Ebook: Co-Scheduling of HPC Applications
High-performance computing (HPC) has become an essential tool in the modern world. However, systems frequently run well below theoretical peak performance, with only 5% being reached in many cases. In addition, costly components often remain idle when not required for specific programs, as parts of the HPC systems are reserved and used exclusively for applications.
A project was started in 2013, funded by the German Ministry of Education and Research (BMBF), to find ways of improving system utilization by compromising on dedicated reservations for HPC codes and applying co-scheduling of applications instead. The need was recognized for international discussion to find the best solutions to this HPC utilization issue, and a workshop on co-scheduling in HPC, open to international participants – the COSH workshop – was held for the first time at the European HiPEAC conference, in Prague, Czech Republic, in January 2016.
This book presents extended versions of papers submitted to the workshop, reviewed for the second time to ensure scientific quality. It also includes an introduction to the main challenges of co-scheduling and a foreword by Arndt Bode, head of LRZ, one of Europe's leading computer centers, as well as a chapter corresponding to the invited keynote speech by Intel, whose recent extensions to their processors allow for better control of co-scheduling.
High performance computing (HPC) has become an important part of the modern world: It is used almost in all of our industry today for improving products through simulating new product prototypes. In the academic world it is an essential tool for scientific research. However, systems often run far below their theoretical peak performance: In many cases only five per cent of a machine's peak performance is reached. In addition, costly components often remain idle while not being required for specific programs, as parts of HPC systems are reserved and exclusively used for the applications.
To further improve the state of the art in this research area, a project funded by the German Ministry of Education and Research (BMBF) was started in 2013. The main idea was to improve system utilization by compromising on dedicated reservations for HPC codes, and apply co-scheduling of applications instead.
As key research partners within this project, we observed a need for international discussion for finding the best solutions to this utilization issue in High Performance Computing: The approach taken by most research groups and hardware vendors is the opposite, as they try to switch off idling components, which can become quite difficult in reality. To this end, we (the editors of this book) have started to organize a workshop on Co-Scheduling in HPC, COSH, which is open to international participants and was held for the first time at the European HiPEAC conference in 2016 in Prague.

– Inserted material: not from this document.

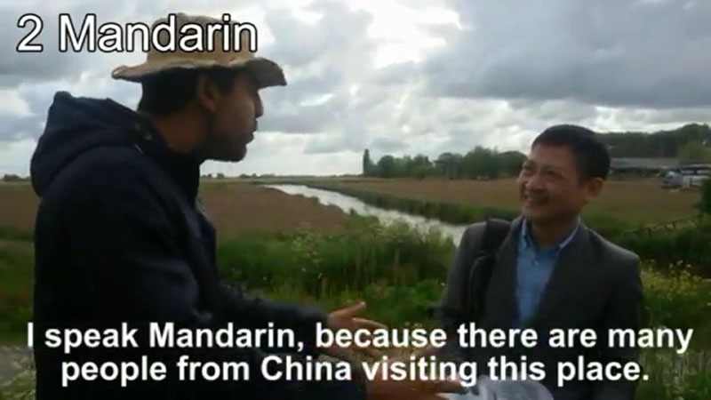 报道说,本以为这名男子只会说与卖画有关的内容,但事实上,他可以用外语进行日常交流。在这段视频中,他最开始用英语做了自我介绍,接着一一展示所会的各种语言。他还与几名中国人用普通话交流,甚至开玩笑让中国游客做北京烤鸭给他吃。
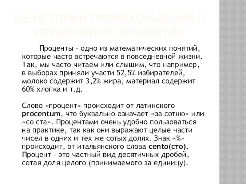 Слово «процент» происходит от латинского procentum, что буквально означает «за сотню» или «со ста». Процентами очень удобно пользоваться на практике, так как они выражают целые части чисел в одних и тех же сотых долях. Знак «%» происходит, от итальянского слова cento(сто). Процент - это частный вид десятичных дробей, сотая доля целого (принимаемого за единицу).

This book mainly consists of significantly extended versions of all papers submitted to this workshop. They were reviewed for a second time to ensure high scientific quality. At COSH2016 we had an invited keynote speech by Intel on recent extensions of their processors which can allow for better control of co-scheduling. We are happy to have a corresponding chapter added in this book as well as a foreword by Arndt Bode, head of one of the leading European computing centers, LRZ. Together with the project consortium leader of the abovementioned research project, André Brinkmann, we start this book with an introduction to the main challenges of Co-Scheduling as well as related research in the field.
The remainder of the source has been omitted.